**Goal of the exercise**
From the material below, please set down exactly the lines starting with the one with "防災セット 動ける 保温 ポンチョ&シュラフ 静音設計 災害用 寝袋 非常用持出 備蓄品" and going on through the one with "Aby pokožka zostala", without a single picture.

**Available records**
------------------------------------------------

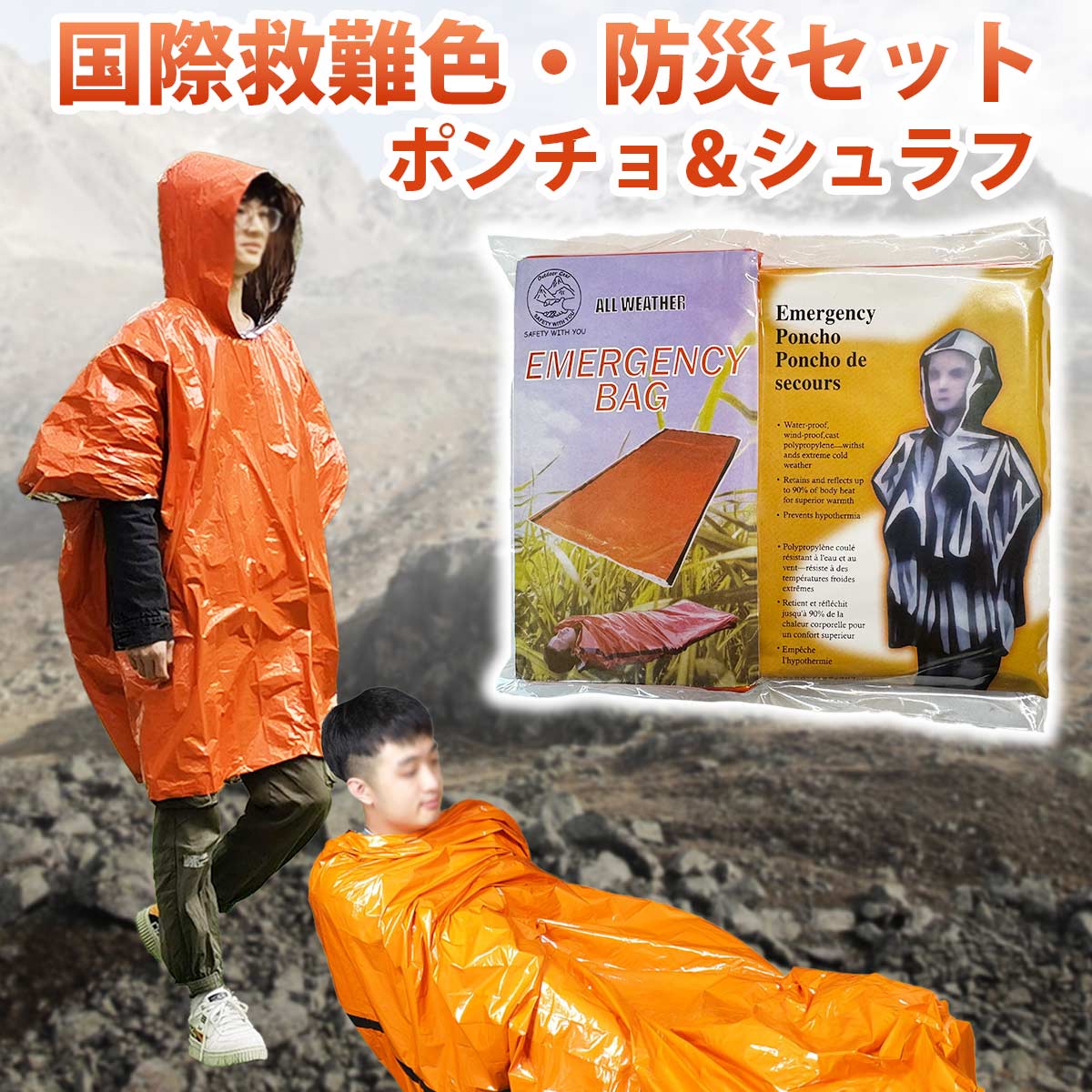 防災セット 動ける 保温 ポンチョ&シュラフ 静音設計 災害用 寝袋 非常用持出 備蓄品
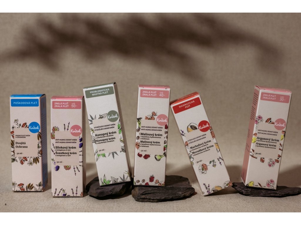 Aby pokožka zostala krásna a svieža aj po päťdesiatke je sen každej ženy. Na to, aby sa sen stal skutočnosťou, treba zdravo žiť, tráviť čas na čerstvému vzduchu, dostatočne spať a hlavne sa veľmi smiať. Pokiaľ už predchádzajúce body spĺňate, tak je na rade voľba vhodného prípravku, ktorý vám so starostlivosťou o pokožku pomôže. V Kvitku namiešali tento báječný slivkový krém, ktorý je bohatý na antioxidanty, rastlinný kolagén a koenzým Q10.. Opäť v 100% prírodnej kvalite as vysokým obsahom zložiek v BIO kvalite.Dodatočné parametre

------------------------------------------------

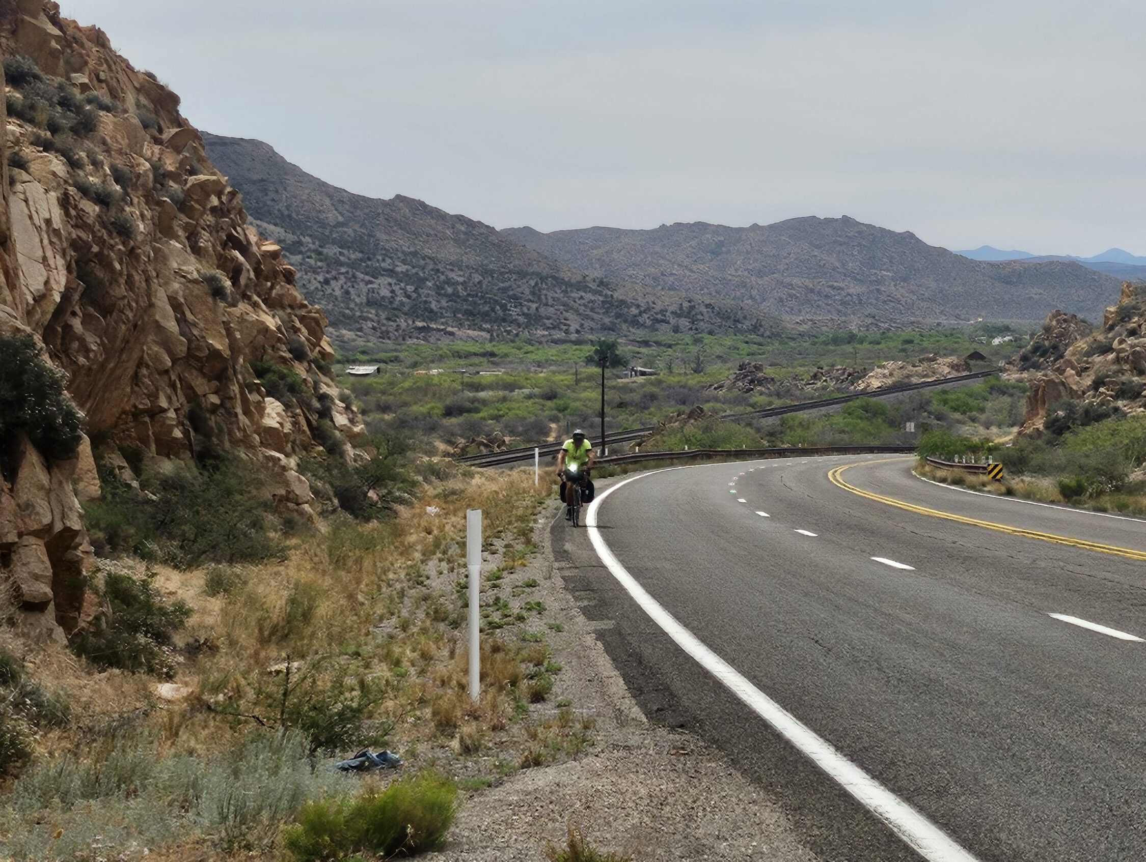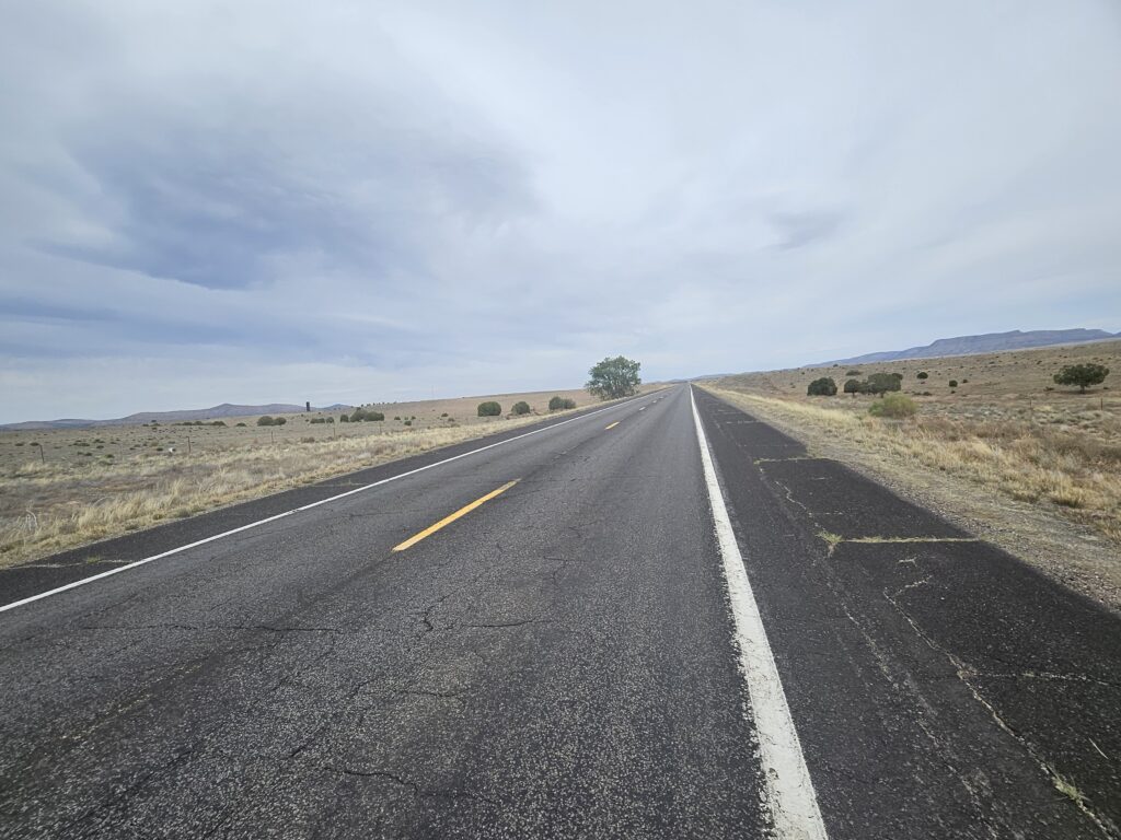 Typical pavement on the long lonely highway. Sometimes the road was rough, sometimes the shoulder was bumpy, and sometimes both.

------------------------------------------------

**The answer**
 防災セット 動ける 保温 ポンチョ&シュラフ 静音設計 災害用 寝袋 非常用持出 備蓄品
 Aby pokožka zostala krásna a svieža aj po päťdesiatke je sen každej ženy. Na to, aby sa sen stal skutočnosťou, treba zdravo žiť, tráviť čas na čerstvému vzduchu, dostatočne spať a hlavne sa veľmi smiať. Pokiaľ už predchádzajúce body spĺňate, tak je na rade voľba vhodného prípravku, ktorý vám so starostlivosťou o pokožku pomôže. V Kvitku namiešali tento báječný slivkový krém, ktorý je bohatý na antioxidanty, rastlinný kolagén a koenzým Q10.. Opäť v 100% prírodnej kvalite as vysokým obsahom zložiek v BIO kvalite.Dodatočné parametre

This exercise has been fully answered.